The move follows a similar action by Bush in 2006 to establish a new monument in the northern Hawaiian islands. Combined with the latest announcement, Bush has now protected more ocean area than any president in history.

Tuesday's monuments total 195,000 square miles, an area 36 times the size of the Monterey Bay National Marine Sanctuary, and more than 20 percent larger than California.

Hamilton has worked at Palmyra Atoll studying the DNA of coral reef species, particularly octopuses. Getting there, she said, involves chartering a 14-seat plane in Hawaii, at a cost of $25,000, for a four-hour flight from Honolulu.

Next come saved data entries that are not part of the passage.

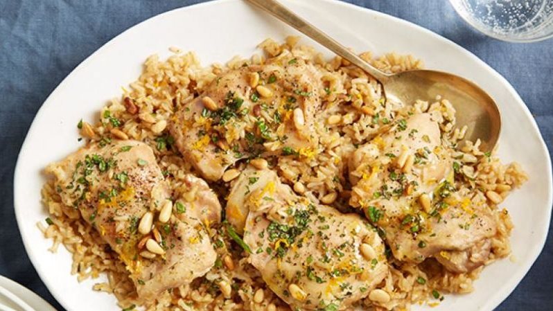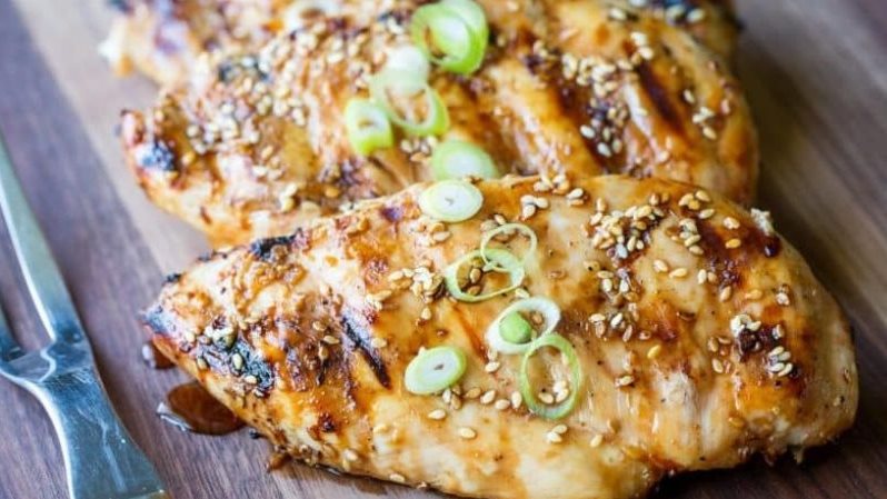 _ نسخن شواية أو مقلاة شوي. عندما تكون الشواية ساخنة، نضع الدجاج على الشواية ونطهيه لمدة 4 دقائق لكل جانب، أو حتى ينضج.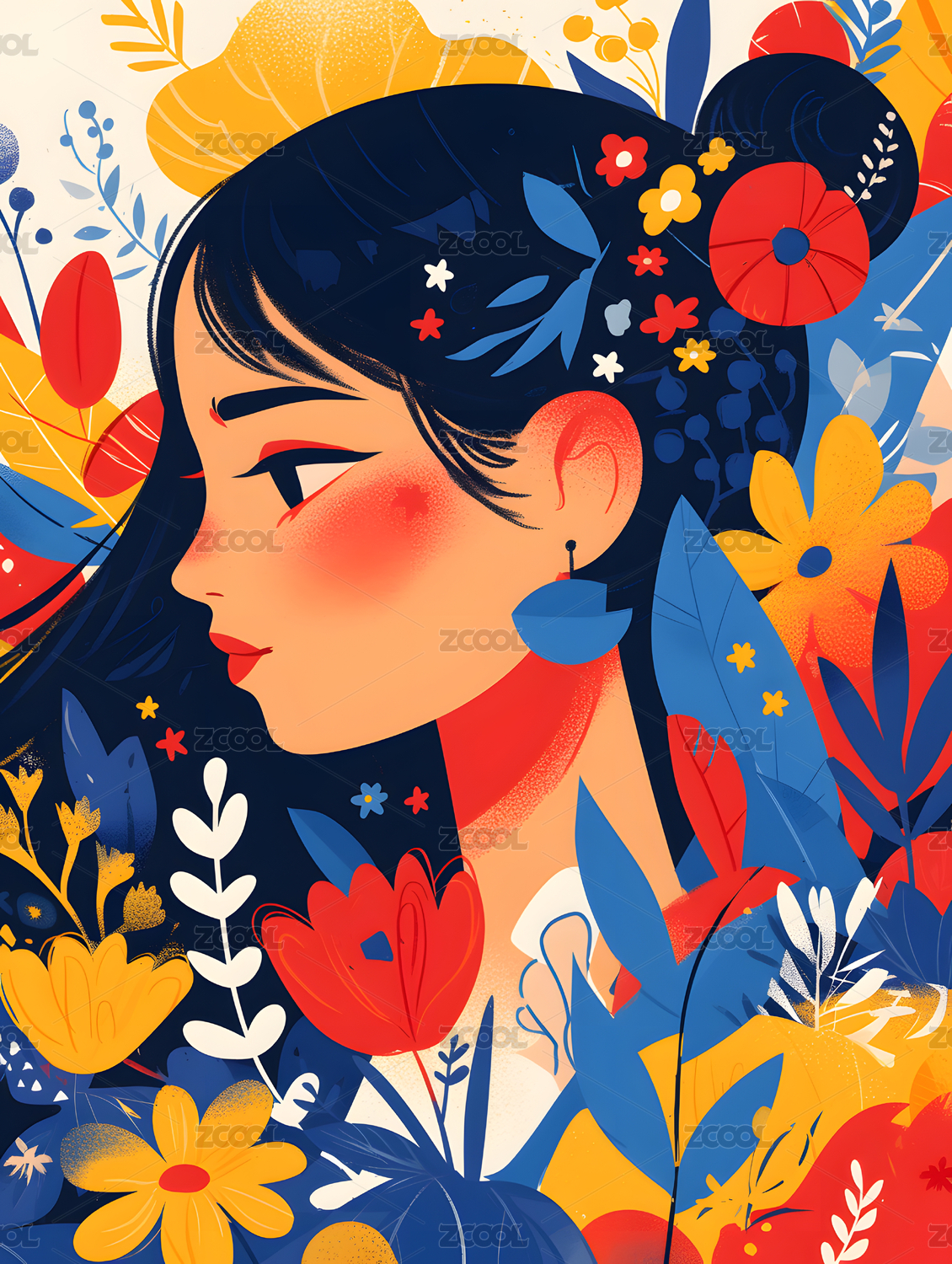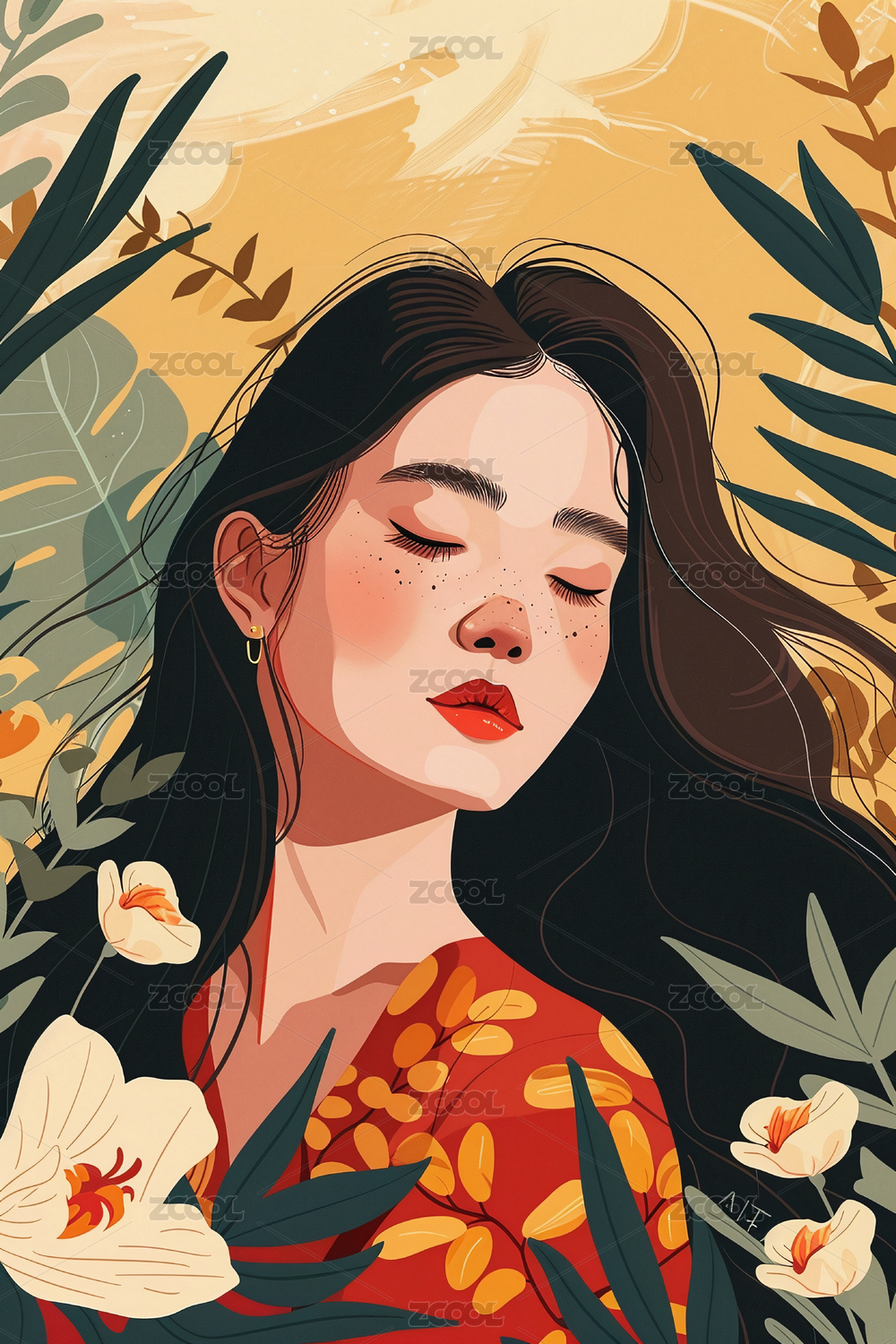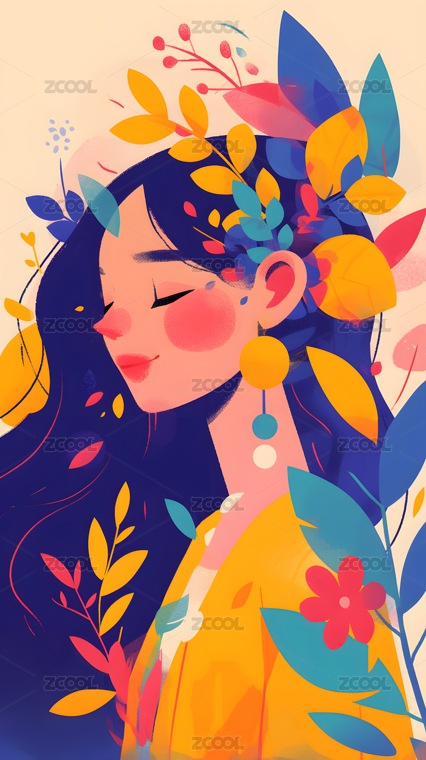 飘逸长发的美女与植物清新唯美插画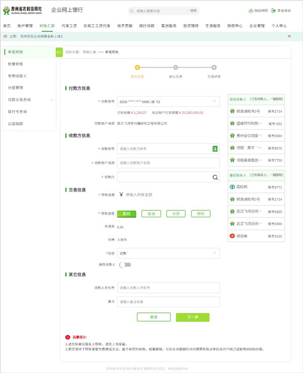 黔农云企业版电脑版是由贵州省农村信用社联合社推出的一款专为企业设计的网上银行软件。它集合了多种功能,包括账户管理、转账汇款、代发工资、农民工工资代发、电子票据、跨行收款等,极大地提升了实用性。与传统网银不同,它还提供了动态演示功能,让用户在登录页面即可体验各项操作,如单笔或批量转账、查询等,方便用户熟悉软件使用。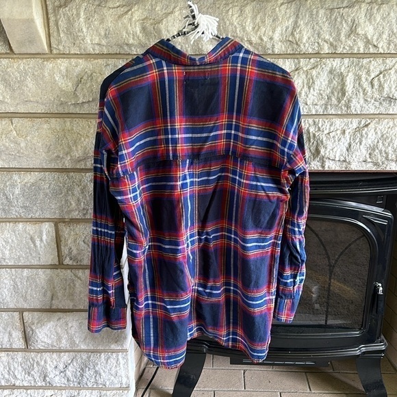 Excellent used condition! Great plaid color pattern in blue, red, yellow, and white with the blue being a lighter blue and a navy blue. Buttons halfway down and is higher in the front than it is in the back. Two front pockets that are functional. Measurements armpit to armpit, about 21 inches, front length about 26 inches, and back length about 30 inches.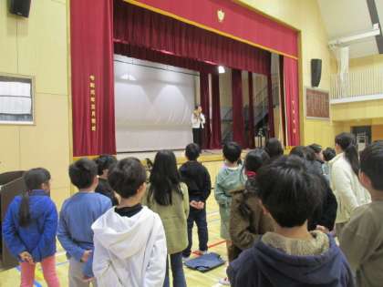 新しい年を迎え、1月9日(火)今日から3学期がスタートしました。始業式では、校長先生より3学期の過ごし方や「笑う門には福来る」の諺から、今学期も皆で協力して笑顔あふれる毎日にしていきましょうとお話がありました。そして、最後に大谷翔平選手から贈られたグローブの紹介もありました。3年生と6年生の代表児童は、3学期の抱負を述べました。短い3学期ですが、努力を重ねて充実した日々を送ってほしいです。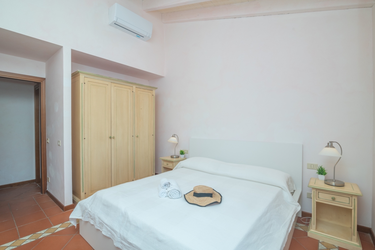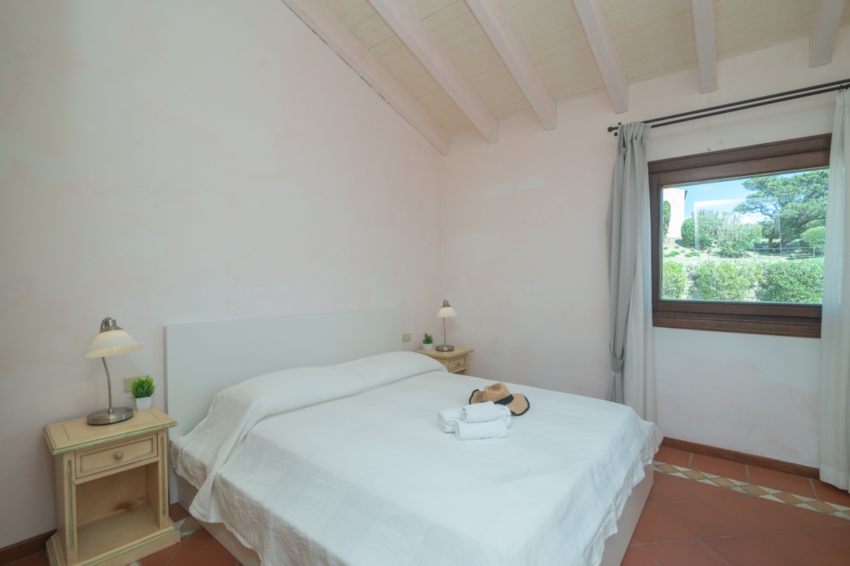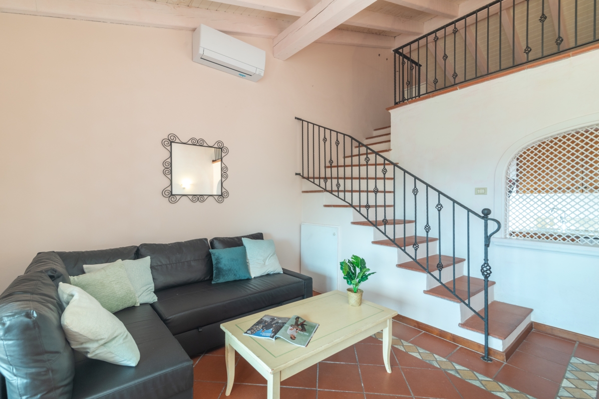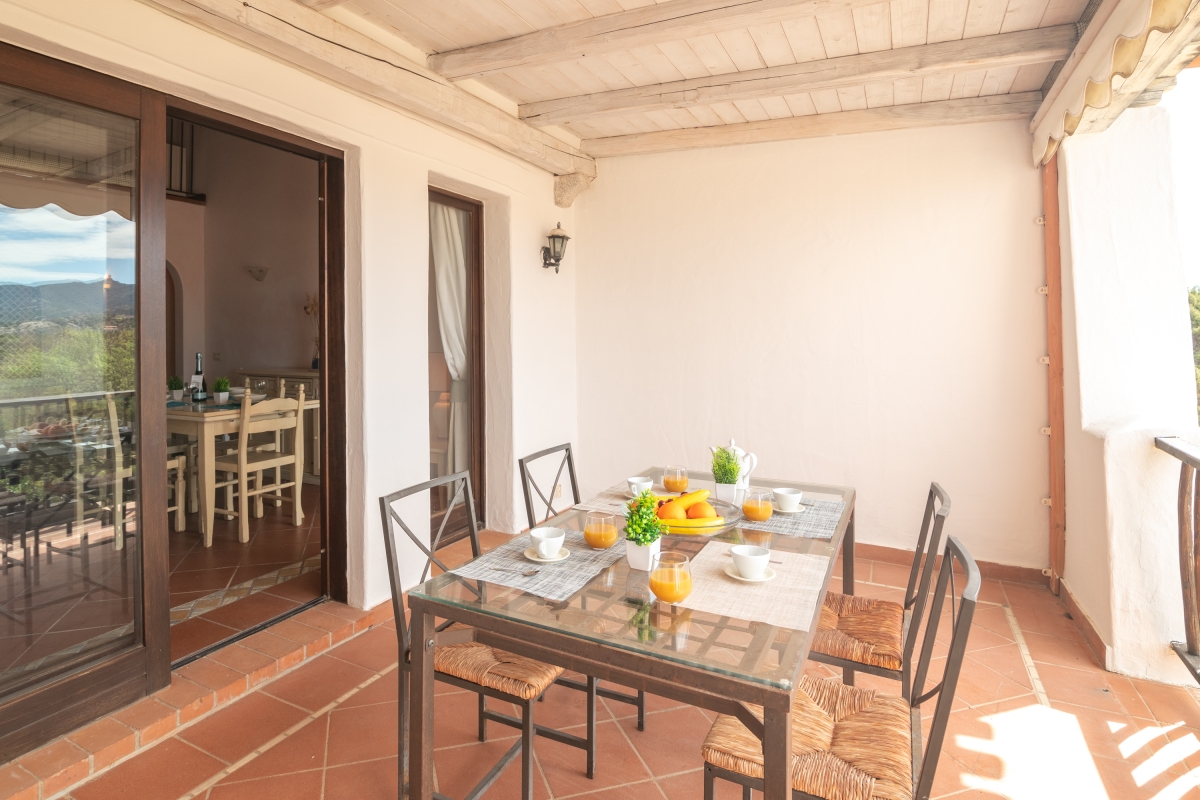 The décor is rustic chic, with light wood ceilings and terracotta tiled floors. The open-plan living/dining area is furnished with an L-shaped sofa, coffee table and a pretty painted wooden dining table. Large glass doors open onto the private, shaded balcony, which is an extension of the indoor living space. On the balcony, guests can enjoy meals al fresco at the second dining table, or simply enjoy the panoramic views of the Sardinian countryside and sea.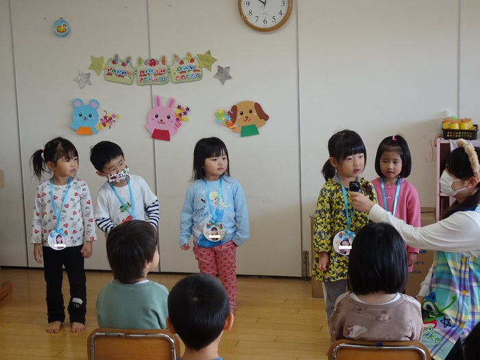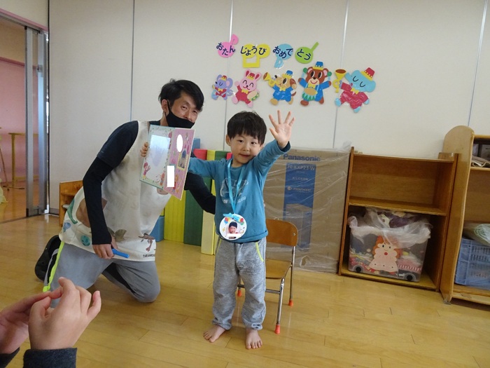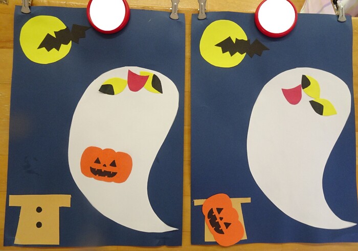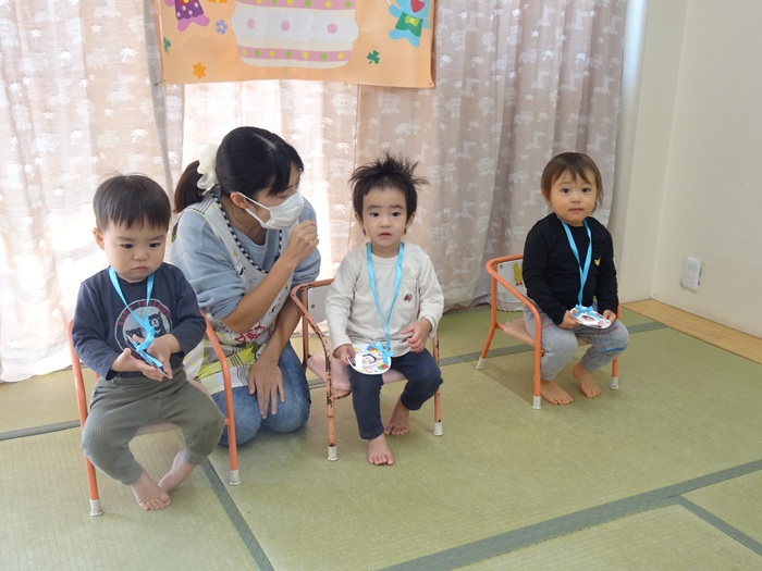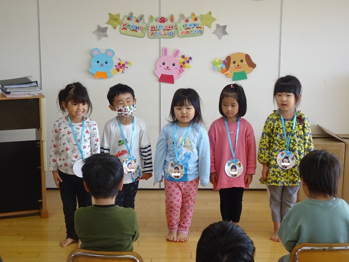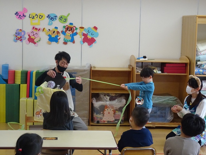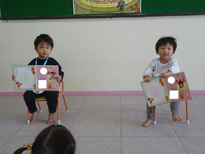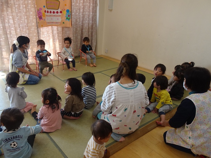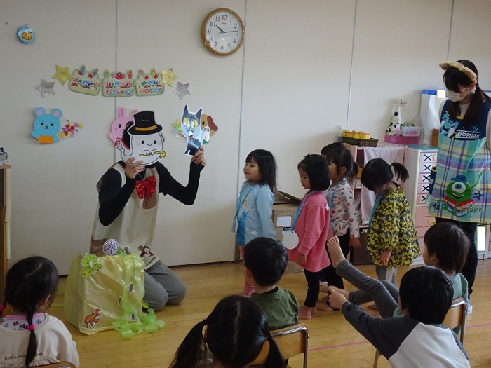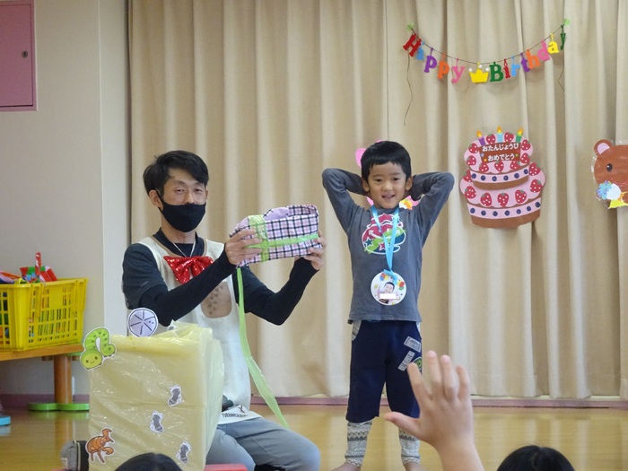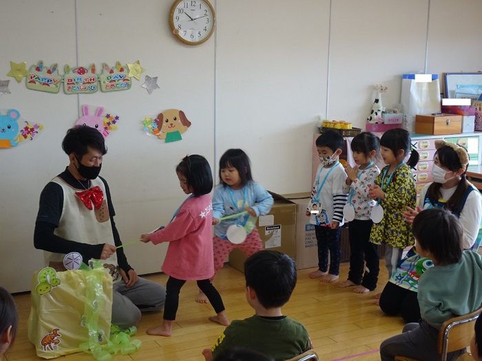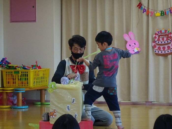 幼児クラスは、催し物「うんとこしょ。引っ張たらこれなんだ?」を誕生者に手伝ってもらいながら楽しみました。箱の畑からツルを引っ張ると・・ハロウィンのお化けや、5歳児クラスでは、担任の筆箱やエプロンが出て来て誰のか?当てっこしました。 | ||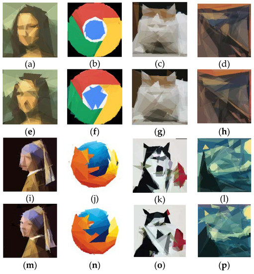 Reconstructed images produced by the two algorithms with 50 triangles. Images (a–d) and (i–l) were reconstructed by ProHC-EM. Images (e–h) and (m–p) were reconstructed by HC.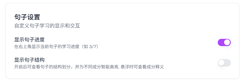 - 显示句子学习进度:在句子上方显示当前学到第几个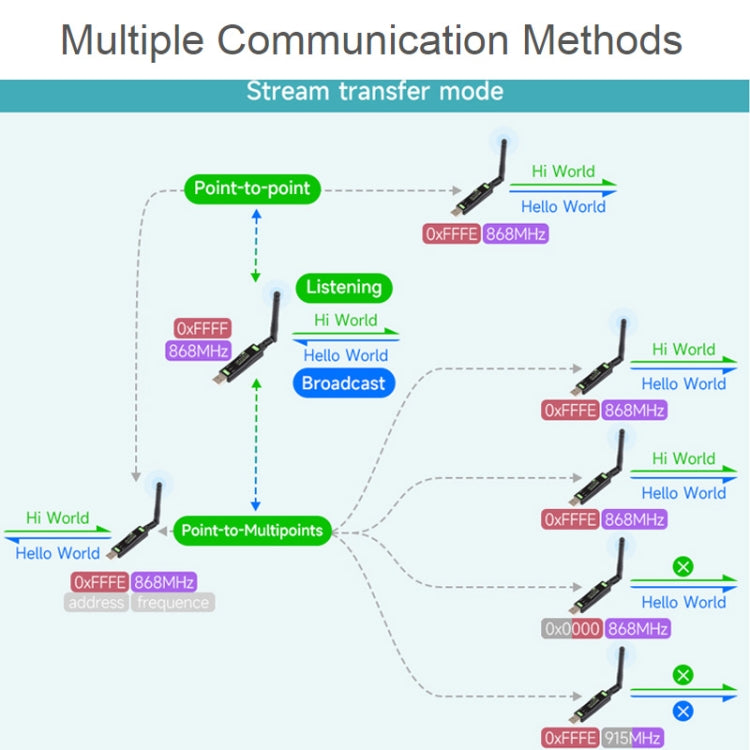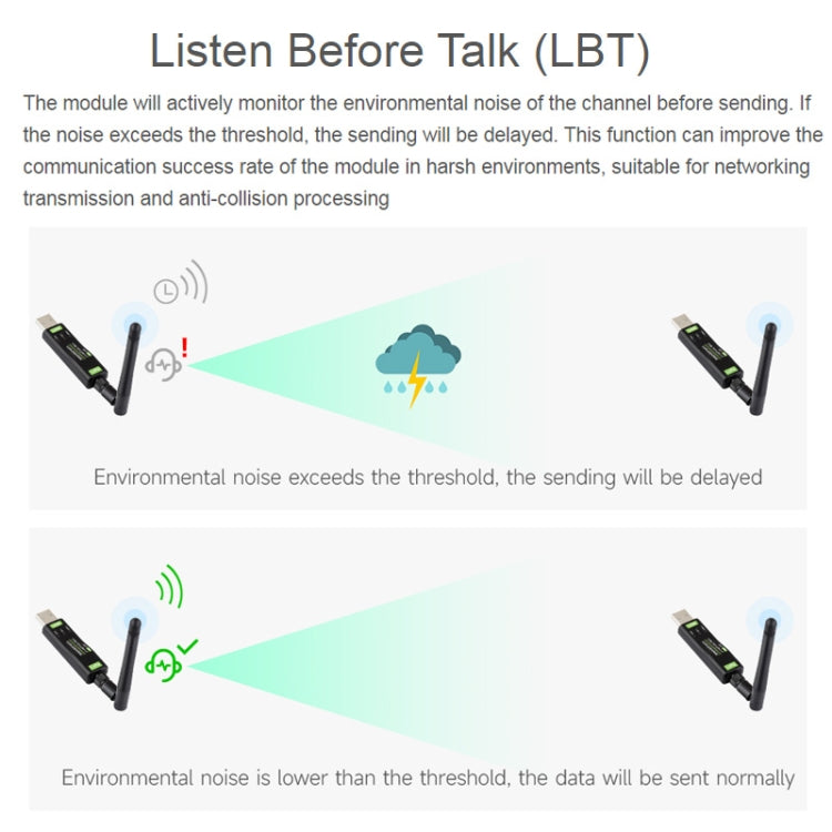 4. Support LBT transmission, RSSI output, AT command set setting

A chain of 50 small islets, Palmyra is so isolated it has never been permanently inhabited by humans, or commercially fished, so it offers one of the world's rare opportunities to study ocean life in a truly untouched environment.

The California Academy and Stanford University both have researchers working at Palmyra Atoll, as part of a partnership started over the past decade.

The island's laboratory — complete with kayaks and high-speed satellite Internet access — was built with a $1.5 million grant from the Gordon and Betty Moore Foundation, funded by Intel co-founder Gordon Moore of Woodside.

Privately owned until 2001, the island was purchased for $37 million by the Nature Conservancy with funding from several foundations including Moore and the David and Lucile Packard Foundation in Los Altos.